Work instruction. From the first line of the records below through the line with "活动伊始,主持人为老人们安排", output each line exactly; skip the pictures.

Stored entries
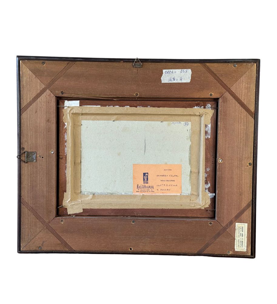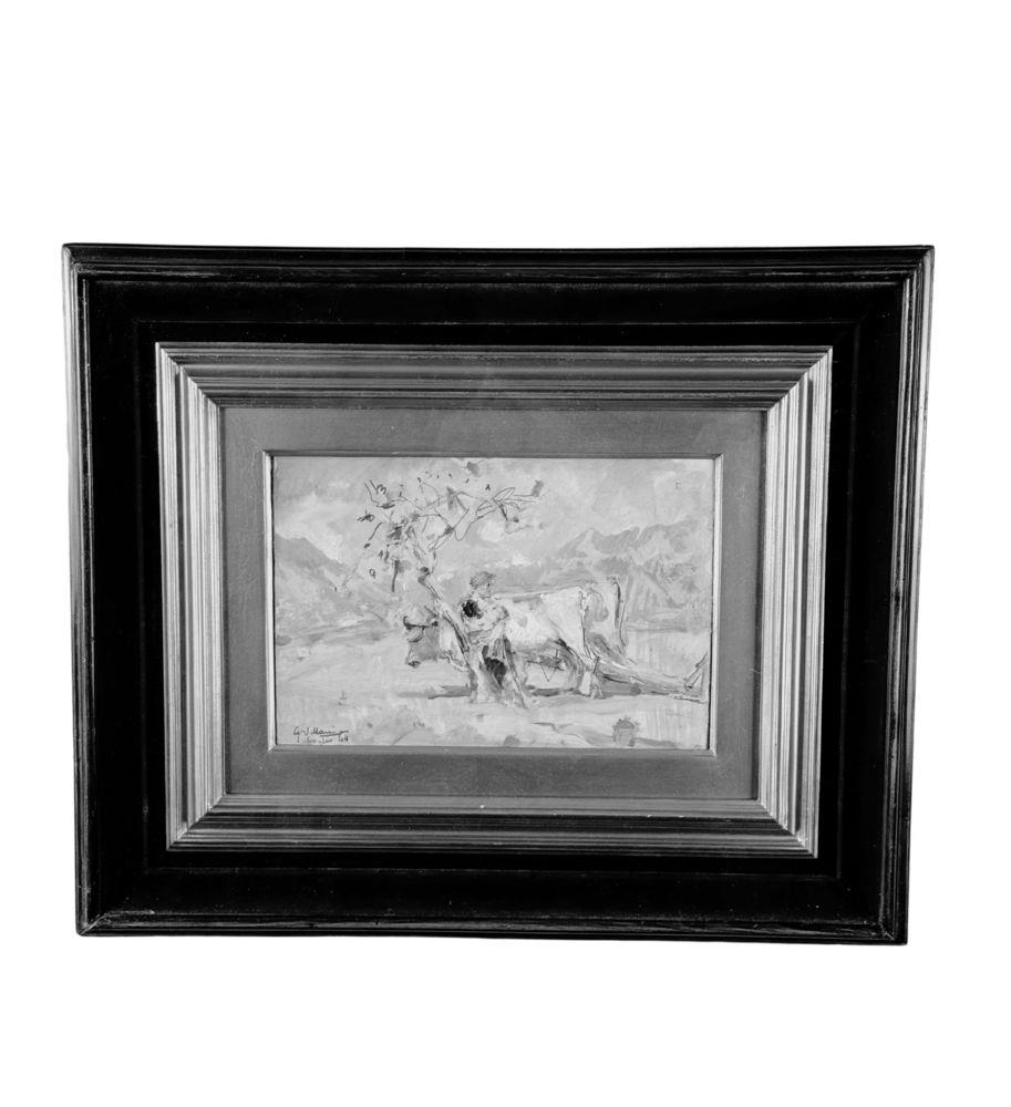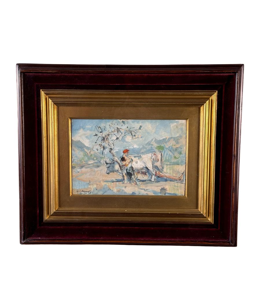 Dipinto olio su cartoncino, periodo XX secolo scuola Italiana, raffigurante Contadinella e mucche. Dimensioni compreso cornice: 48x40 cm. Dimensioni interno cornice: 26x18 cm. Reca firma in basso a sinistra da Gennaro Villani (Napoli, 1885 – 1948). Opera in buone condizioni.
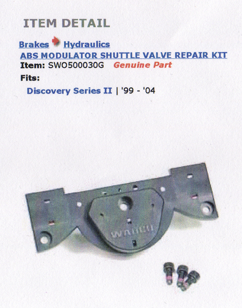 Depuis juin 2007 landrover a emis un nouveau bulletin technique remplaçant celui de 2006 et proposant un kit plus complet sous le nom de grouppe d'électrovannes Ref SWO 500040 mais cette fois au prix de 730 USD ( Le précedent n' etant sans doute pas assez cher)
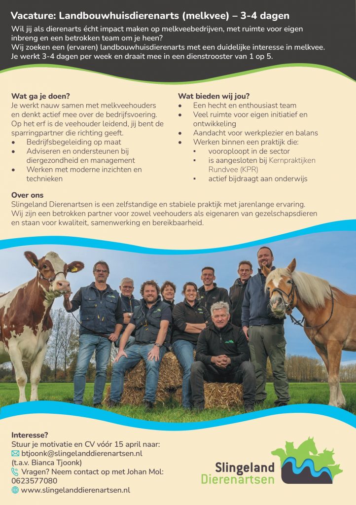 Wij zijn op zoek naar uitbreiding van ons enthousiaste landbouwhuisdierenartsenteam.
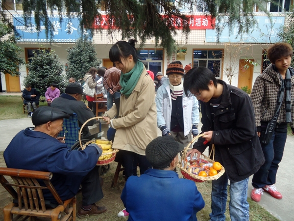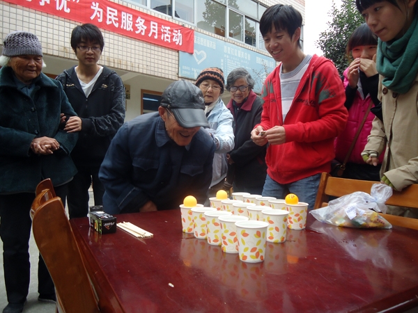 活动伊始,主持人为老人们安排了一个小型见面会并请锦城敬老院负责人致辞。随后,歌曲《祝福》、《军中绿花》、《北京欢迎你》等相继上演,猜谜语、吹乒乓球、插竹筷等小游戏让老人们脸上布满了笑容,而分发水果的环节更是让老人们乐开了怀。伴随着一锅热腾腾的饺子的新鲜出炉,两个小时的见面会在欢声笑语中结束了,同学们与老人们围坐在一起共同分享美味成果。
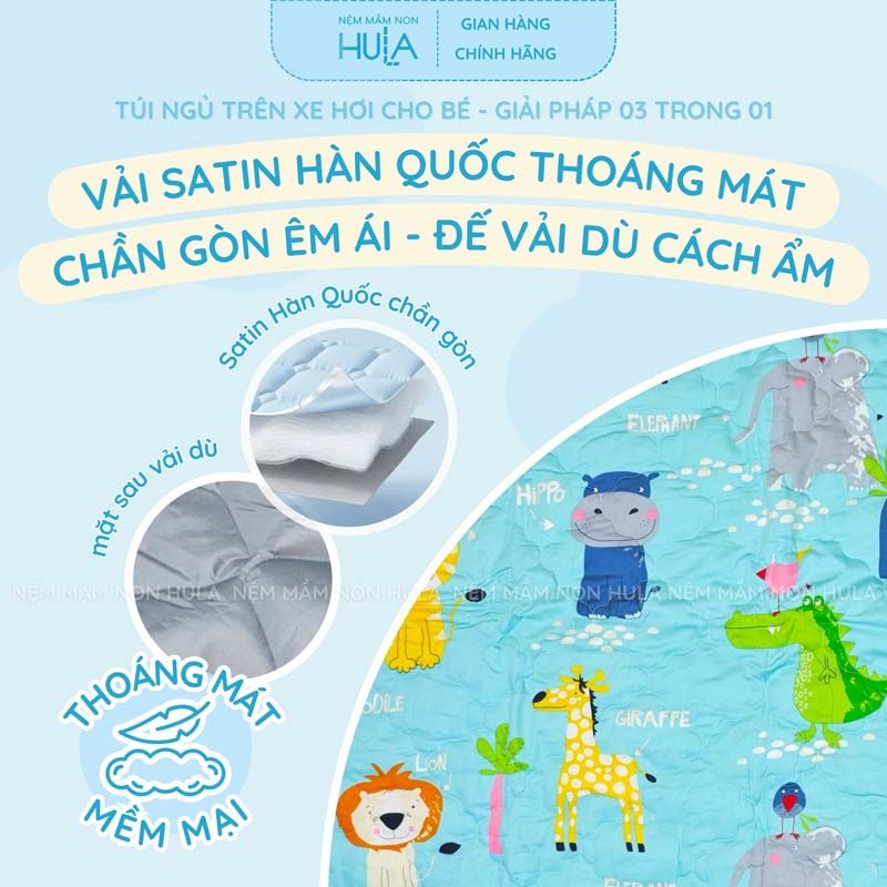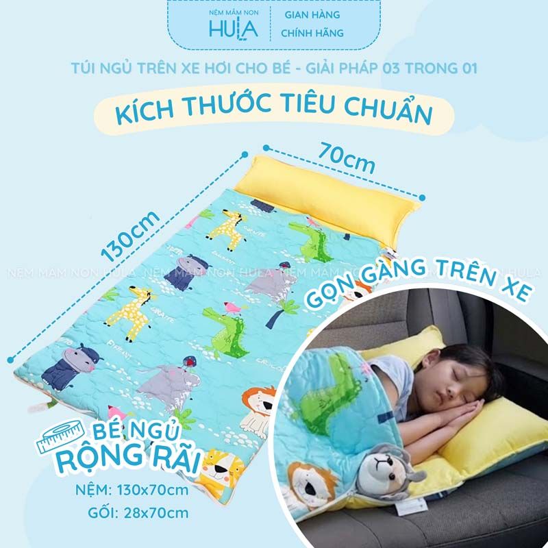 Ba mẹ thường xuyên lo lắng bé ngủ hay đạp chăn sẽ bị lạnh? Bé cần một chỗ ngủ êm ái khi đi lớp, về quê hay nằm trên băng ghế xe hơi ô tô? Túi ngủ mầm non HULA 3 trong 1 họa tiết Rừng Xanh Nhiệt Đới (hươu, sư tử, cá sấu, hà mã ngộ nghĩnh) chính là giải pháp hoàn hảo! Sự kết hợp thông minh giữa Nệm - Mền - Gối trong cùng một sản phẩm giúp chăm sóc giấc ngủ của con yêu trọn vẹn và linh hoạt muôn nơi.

Exercise response.
 Dipinto olio su cartoncino, periodo XX secolo scuola Italiana, raffigurante Contadinella e mucche. Dimensioni compreso cornice: 48x40 cm. Dimensioni interno cornice: 26x18 cm. Reca firma in basso a sinistra da Gennaro Villani (Napoli, 1885 – 1948). Opera in buone condizioni.
 Depuis juin 2007 landrover a emis un nouveau bulletin technique remplaçant celui de 2006 et proposant un kit plus complet sous le nom de grouppe d'électrovannes Ref SWO 500040 mais cette fois au prix de 730 USD ( Le précedent n' etant sans doute pas assez cher)
 Wij zijn op zoek naar uitbreiding van ons enthousiaste landbouwhuisdierenartsenteam.
 活动伊始,主持人为老人们安排了一个小型见面会并请锦城敬老院负责人致辞。随后,歌曲《祝福》、《军中绿花》、《北京欢迎你》等相继上演,猜谜语、吹乒乓球、插竹筷等小游戏让老人们脸上布满了笑容,而分发水果的环节更是让老人们乐开了怀。伴随着一锅热腾腾的饺子的新鲜出炉,两个小时的见面会在欢声笑语中结束了,同学们与老人们围坐在一起共同分享美味成果。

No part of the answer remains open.